Меньше чем за неделю еврейская община в Австрии, одна из самых влиятельных во всей Европе, была разгромлена – центры общины и еврейские общества были закрыты, руководители посажены в тюрьму, синагоги закрыты, молитвенные книги сожжены на кострах. Первого апреля сто известных общественных деятелей и деловых людей были отправлены в Дахау. Пятьсот евреев предпочли умереть, лишь бы больше ни одного дня не терпеть унижений от нацистов и их австрийских союзников – в том числе семья из четырех человек, жившая рядом с Клайнами.

– Они убивали себя друг за другом, – сказал Клайн. – Я лежал в постели и все слышал. Выстрел – вслед за ним рыдания. Снова выстрел – снова рыдания. После четвертого выстрела уже некому было плакать, кроме меня.

Больше половины членов общины решили уехать из Австрии в другие страны. Среди них был и Макс Клайн. Он получил голландскую визу и переехал туда в 1939 году. Меньше чем через год он снова окажется под нацистским сапогом.

– Мой отец решил остаться в Вене, – сказал Клайн. – Понимаете, он верил в силу закона. Он считал, что если не будет нарушать закон, то все будет в порядке и буря постепенно уляжется. А стало, конечно, хуже, и когда он наконец решил уехать, было уже поздно.

Клайн попытался налить себе еще чаю, но рука у него сильно тряслась. Габриель налил ему чай и осторожно осведомился, что стало с его родителями и двумя сестрами.

– Осенью сорок первого года их отправили в Польшу и поместили в еврейское гетто в Лодзи. В январе сорок второго года их перевезли в последний раз в лагерь Челмно для уничтожения.

– Ну, а вы?

Клайн горько усмехнулся:

– А я? Та же доля, только другой конец. В июне сорок второго года был арестован в Амстердаме, потом отправлен на восток – в Аушвиц. На железнодорожной платформе, полумертвый от голода и жажды, я услышал голос. Мужчина в тюремной робе спрашивал, нет ли среди приехавших на поезде музыкантов.

Клайн ухватился за этот голос, как утопающий за соломинку. «Я скрипач», – сказал он человеку в полосатой одежде. «А у вас есть инструмент?» Клайн приподнял потрепанный футляр: единственное, что он взял с собой из Вестерборка. «Пошли со мной.

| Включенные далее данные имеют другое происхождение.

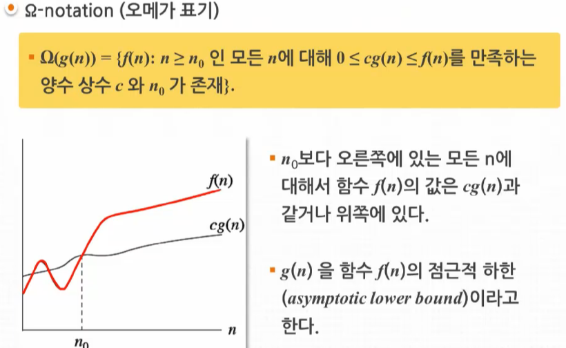 예를 들어 입력 자료의 크기 n에 대하여 O(n)의 시간복잡도를 가진 알고리즘은 대략 크기 n에 비례하는 수의 연산을 수행한다고 보면 된다.

Сегодня у вас счастливый день».

– Счастливый день, – с отсутствующим видом повторил Клайн. – Следующие два с половиной года я и мои коллеги играли, когда больше миллиона человек растаяли дымом в небесах. Мы играли на отборочной платформе, помогая нацистам создать у вновь прибывших впечатление, что они приехали в приятное место. Мы играли, когда ходячие мертвецы шли в раздевалки. Мы играли на дворе во время бесконечных перекличек. Утром мы играли, когда узники отправлялись на работу, и к вечеру, когда они, спотыкаясь, смертельно усталые, плелись в свои бараки, мы тоже играли. Мы играли даже перед казнями. По воскресеньям мы играли для коменданта и его команды. Самоубийства постоянно разрежали наши ряды. Вскоре один только я работал на платформе, выискивая музыкантов, чтобы пополнить оркестр.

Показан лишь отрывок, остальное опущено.